Unit 3 - Notes

CSE357 7 min read

Unit 3: Database Management Systems (DBMS)

1. Introduction to Databases and RDBMS

1.1 Fundamental Concepts

  • Data: Raw facts and figures (e.g., "John", 25, "A").
  • Information: Processed data that conveys meaning (e.g., "John is 25 years old and has a grade of A").
  • Database: An organized collection of structured information, or data, typically stored electronically in a computer system.
  • DBMS (Database Management System): Software that interacts with end-users, applications, and the database itself to capture and analyze the data. Examples: MySQL, PostgreSQL, Oracle Database, Microsoft SQL Server.

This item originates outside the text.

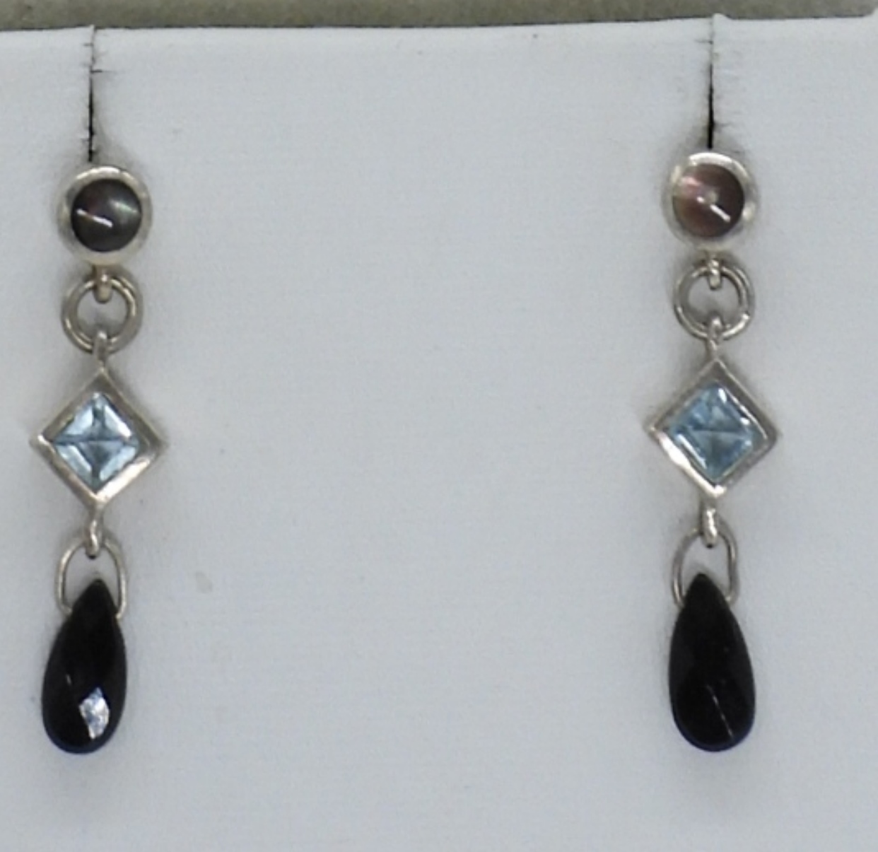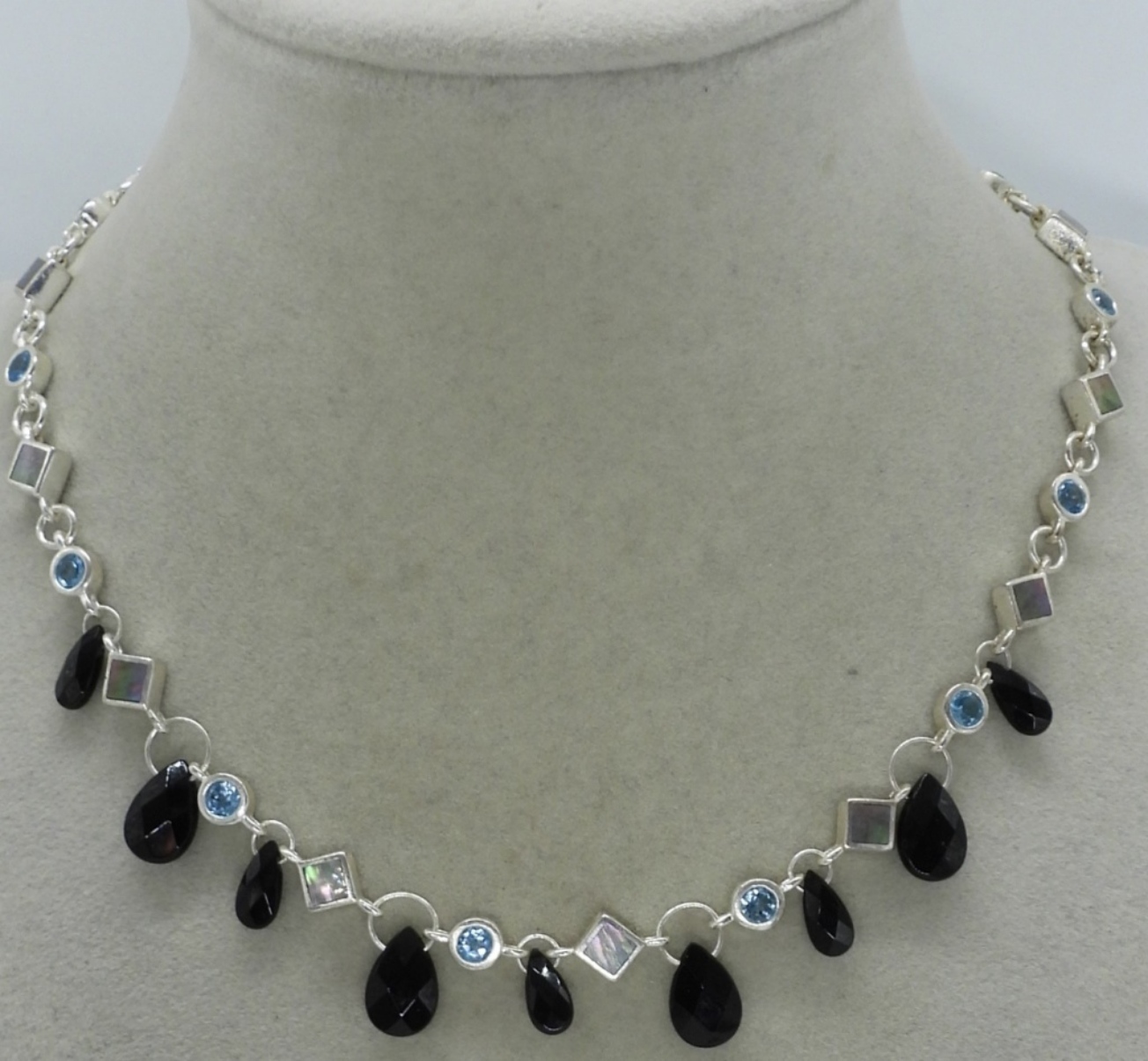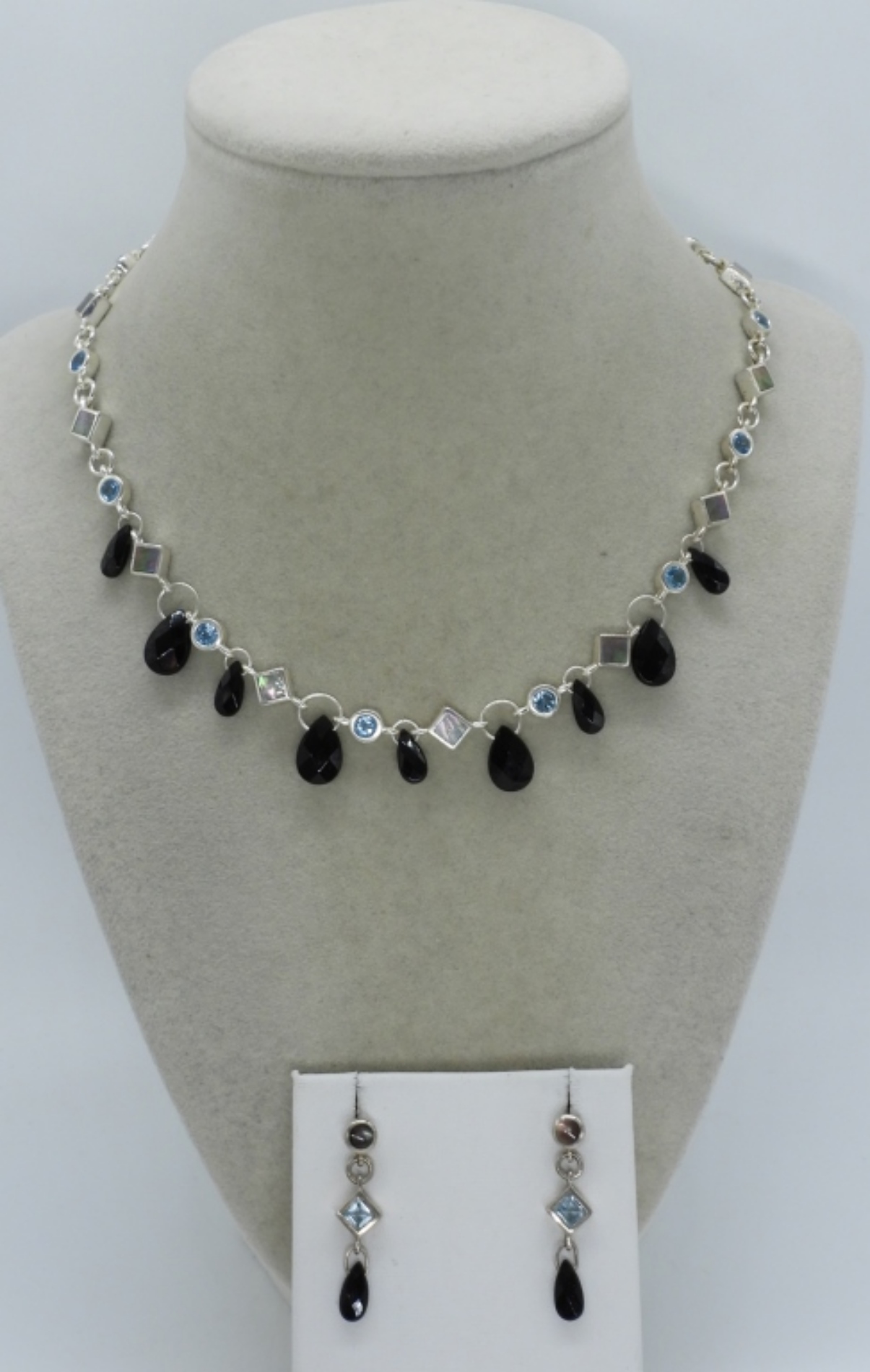 Matching sterling necklace and pierced earrings set. Necklace is 19″ long, earrings hang 1 1/4″ long. Faceted black onyx, blue topaz and abalone gemstones. (18 dwt)

1.2 File Processing System vs. DBMS

Before DBMS, data was stored in flat files. DBMS resolves the limitations of file systems:

  • Data Redundancy: File systems often duplicate data in multiple files. DBMS creates a central repository, minimizing duplication.
  • Data Inconsistency: In file systems, if data is changed in one file but not another, it becomes inconsistent. DBMS ensures changes are propagated.
  • Data Isolation: DBMS allows easy retrieval of data from multiple tables; file systems make cross-referencing difficult.
  • Security: DBMS provides granular access control (users/roles).

1.3 Relational Database Management System (RDBMS)

An RDBMS is a DBMS based on the Relational Model introduced by E.F. Codd.

  • Structure: Data is stored in tables (relations).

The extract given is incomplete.